• [WHAT THE TASK REQUIRES] Your answer must match, word for word, the lines from the one holding "4年生は、総合的な学習の時間" through the final line below, with pictures excluded.

• [SUPPLIED INFORMATION]
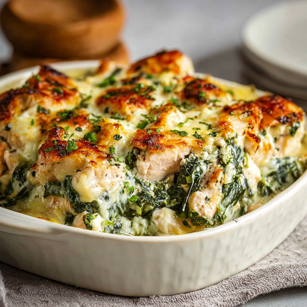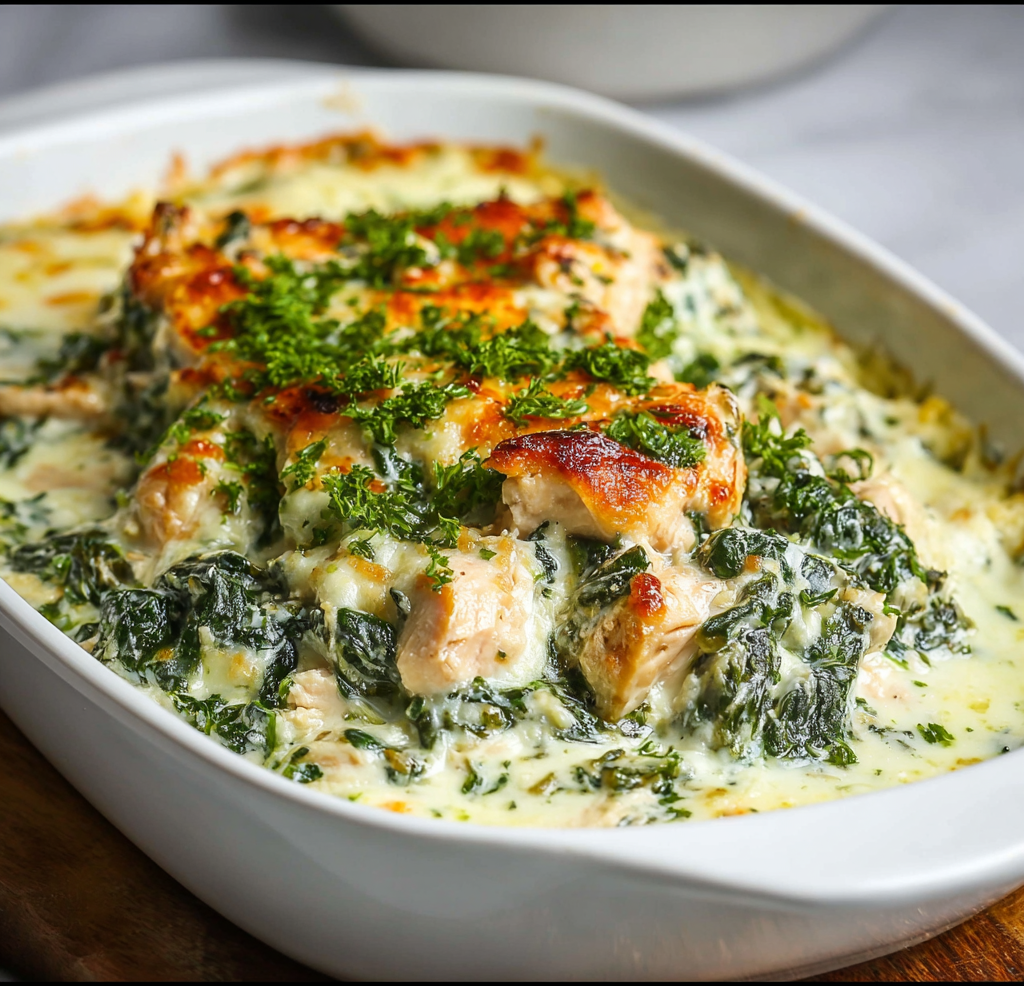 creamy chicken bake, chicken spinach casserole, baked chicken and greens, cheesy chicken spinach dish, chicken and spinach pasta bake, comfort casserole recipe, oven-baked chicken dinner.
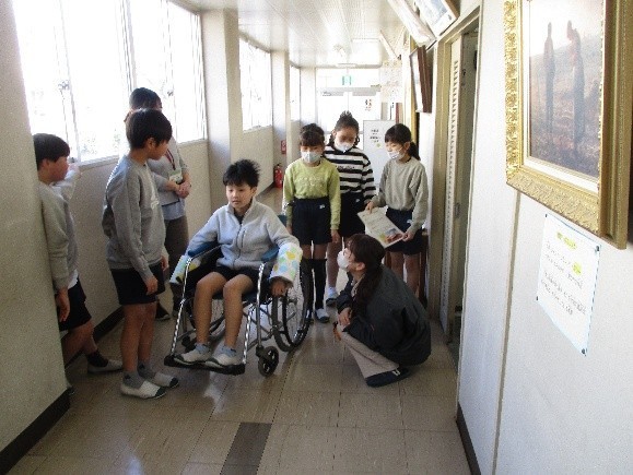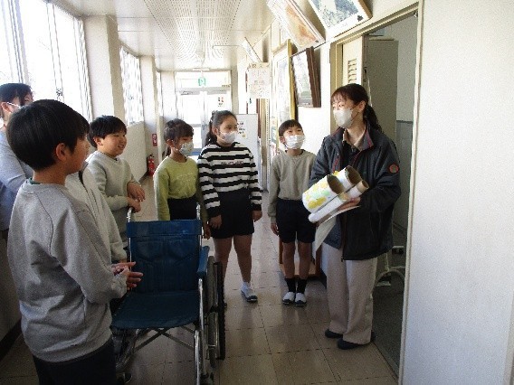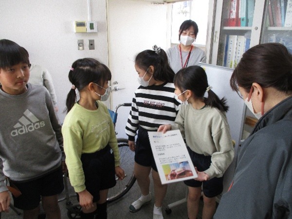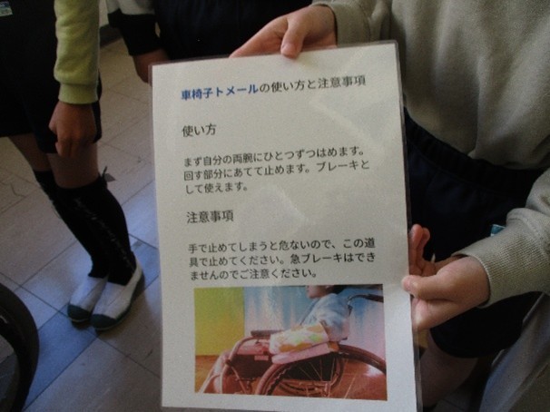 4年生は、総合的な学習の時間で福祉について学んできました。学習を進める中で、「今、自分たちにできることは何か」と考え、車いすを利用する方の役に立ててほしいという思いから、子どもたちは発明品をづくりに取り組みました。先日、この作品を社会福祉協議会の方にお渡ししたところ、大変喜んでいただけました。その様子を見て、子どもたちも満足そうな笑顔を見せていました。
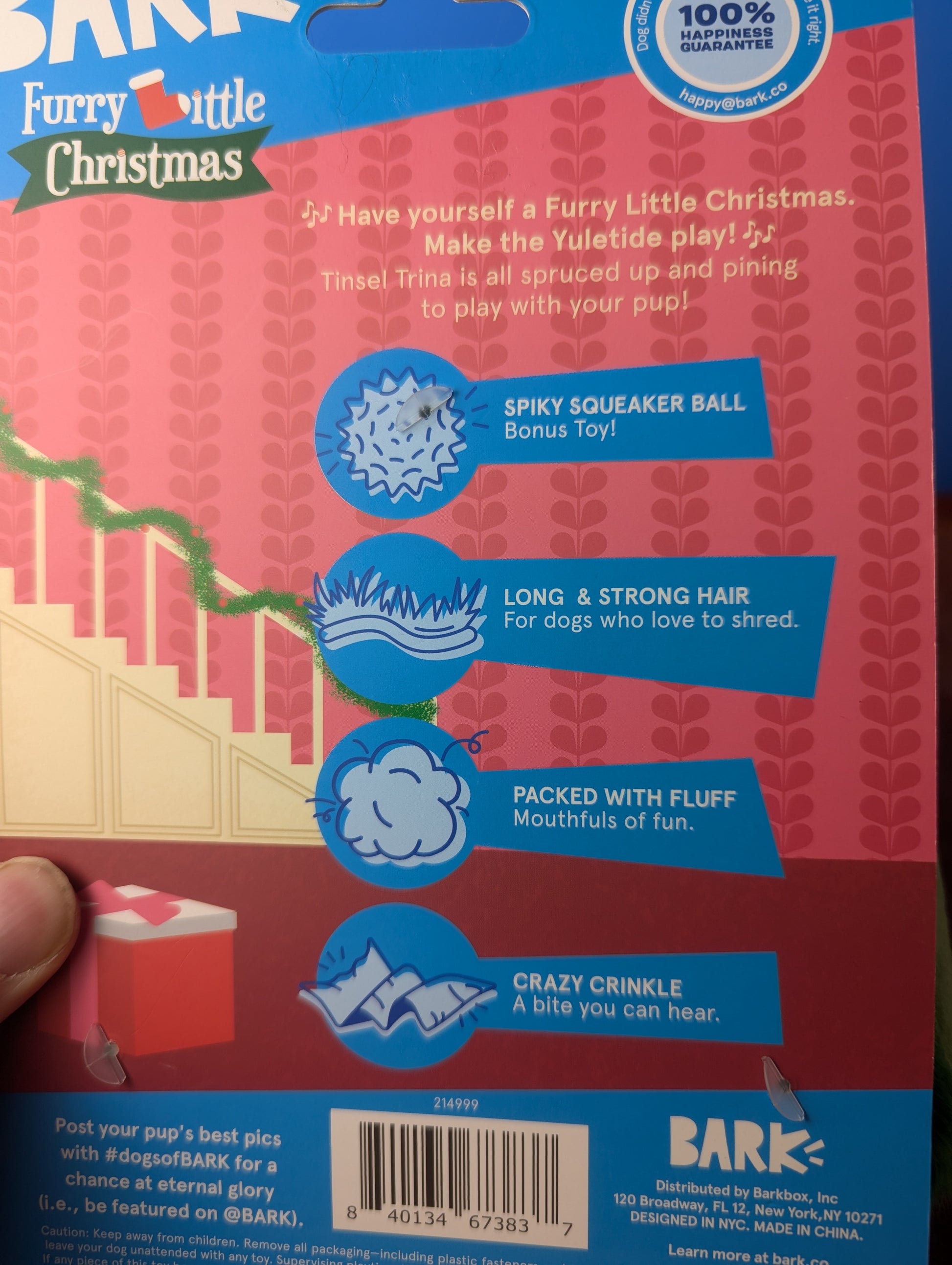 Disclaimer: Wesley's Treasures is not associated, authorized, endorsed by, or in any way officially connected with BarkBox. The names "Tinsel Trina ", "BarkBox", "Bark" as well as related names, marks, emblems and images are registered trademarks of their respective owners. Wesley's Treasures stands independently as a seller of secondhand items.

• [OUTPUT BELOW]
 4年生は、総合的な学習の時間で福祉について学んできました。学習を進める中で、「今、自分たちにできることは何か」と考え、車いすを利用する方の役に立ててほしいという思いから、子どもたちは発明品をづくりに取り組みました。先日、この作品を社会福祉協議会の方にお渡ししたところ、大変喜んでいただけました。その様子を見て、子どもたちも満足そうな笑顔を見せていました。
 Disclaimer: Wesley's Treasures is not associated, authorized, endorsed by, or in any way officially connected with BarkBox. The names "Tinsel Trina ", "BarkBox", "Bark" as well as related names, marks, emblems and images are registered trademarks of their respective owners. Wesley's Treasures stands independently as a seller of secondhand items.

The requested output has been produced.